Часть I. Басня 47. О том, как смерть избрала своего первого министра
– Ко мне, болезни и хворобы, Болячки самой высшей пробы! – Сказала смерть. И ночью поздней Совет, которого нет грозней, В дворце владычицы собрался И с трона глас ее раздался: – Друзья, прикиньте и прибросьте: Вот жезл из слоновой кости, Знак власти первого Министра. Кто хочет? Отвечайте быстро! – Я, – отвечала Лихорадка Весьма решительно и кратко, – Работник буду самый дельный: Газет отчёт еженедельный Перечисляет кропотливо, Сколь я в работе хлопотлива! Подагра молвила: – В калеку Я превращаю человека. От веку ведаю науку, Как мукой скрючить ногу, руку. Не многим в жизни подфартило Спастись, когда я их крутила! – А я, – промолвил Некто зычно (Его назвать-то неприлично!) Дразня людей любовной страстью, Заразной их гноблю напастью. Они безносы и вонючи… Вам не найти Министра лучше! И тихо-тихо, еле-еле Туберкулёз промолвил: – Цели Я добиваюсь планомерно, Сражаясь медленно, но верно. Я бьюсь, как Фабий, как воитель, Носивший прозвище «Медлитель», И, вперекор лихим оторвам, Беру не штурмом, а манёвром!1 Чума: – Зато всегда спешу я.
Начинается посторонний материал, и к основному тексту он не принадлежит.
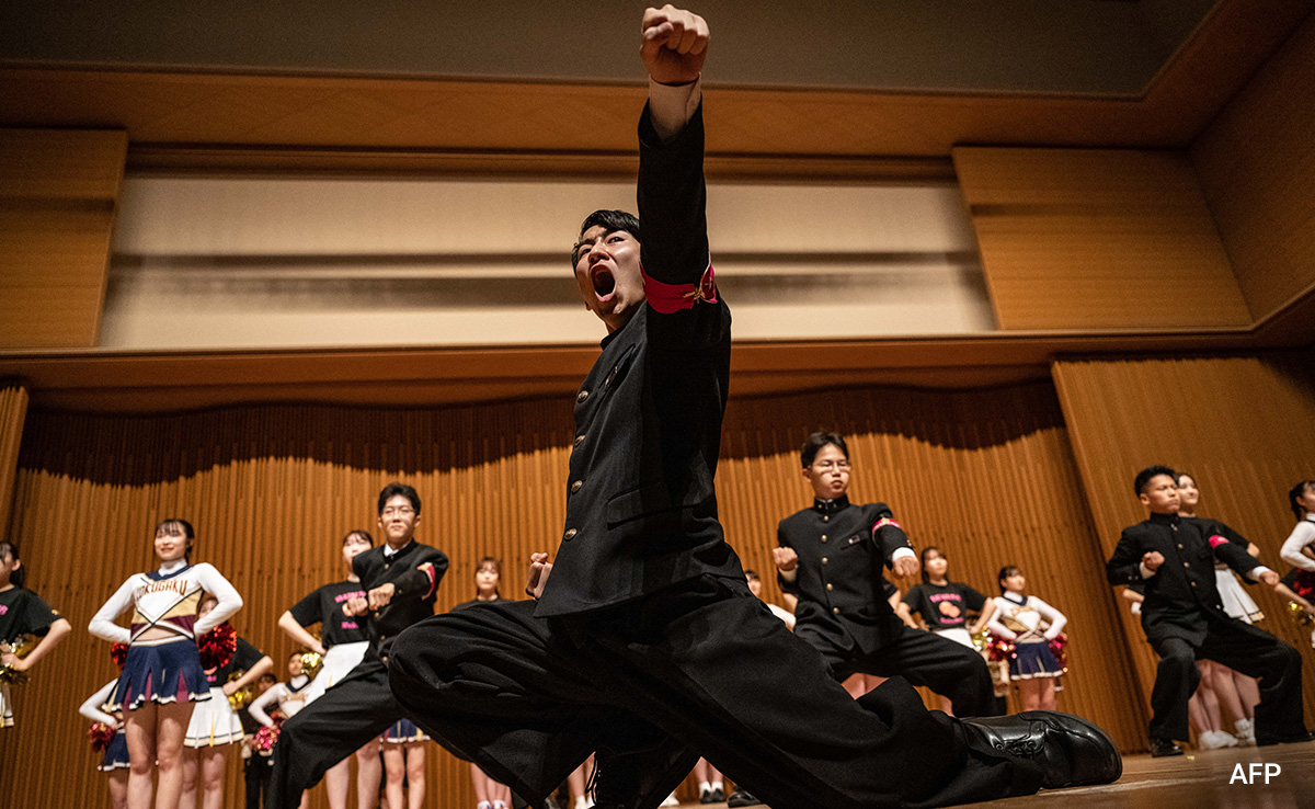 They are drenched in sweat, their hands bloodied from clapping, and their voices hoarse from shouting -- meet Japan's predominantly male and unashamedly macho "leadership section" cheerleaders.

Страну за час опустошу я! Отвыступали конкуренты И огласили аргументы, И с трона прозвучало зычно: – Молчит достойный, как обычно! Что ж нет ни одного Врача-то? Коль емлет злато он в оплату, От тех, кому вино – отрада, То, значит, Пьянство – то, что надо! И, значит, снять себя с дебатов Прошу я прочих кандидатов, Поскольку в мире нет поганства, Что сокрушительней, чем Пьянство: Ему клиентами обязан, Любой из вас тут с Пьянством связан. Я приняла своё решенье… Короче, будут возраженья? © Перевод Евг. Фельдмана 11-13.07.2017 14.07.2917 Все переводы Евгения Фельдмана
1. Имеется в виду Квинт Фа́бий Ма́ксим Кункта́тор (т.е., «Медлитель») (ум. в 203 г. до н.э.), военачальник и политический деятель эпохи Древнего Рима. Избегал прямых столкновений с противником, применял тактику «выжженной земли». – Примечание переводчика.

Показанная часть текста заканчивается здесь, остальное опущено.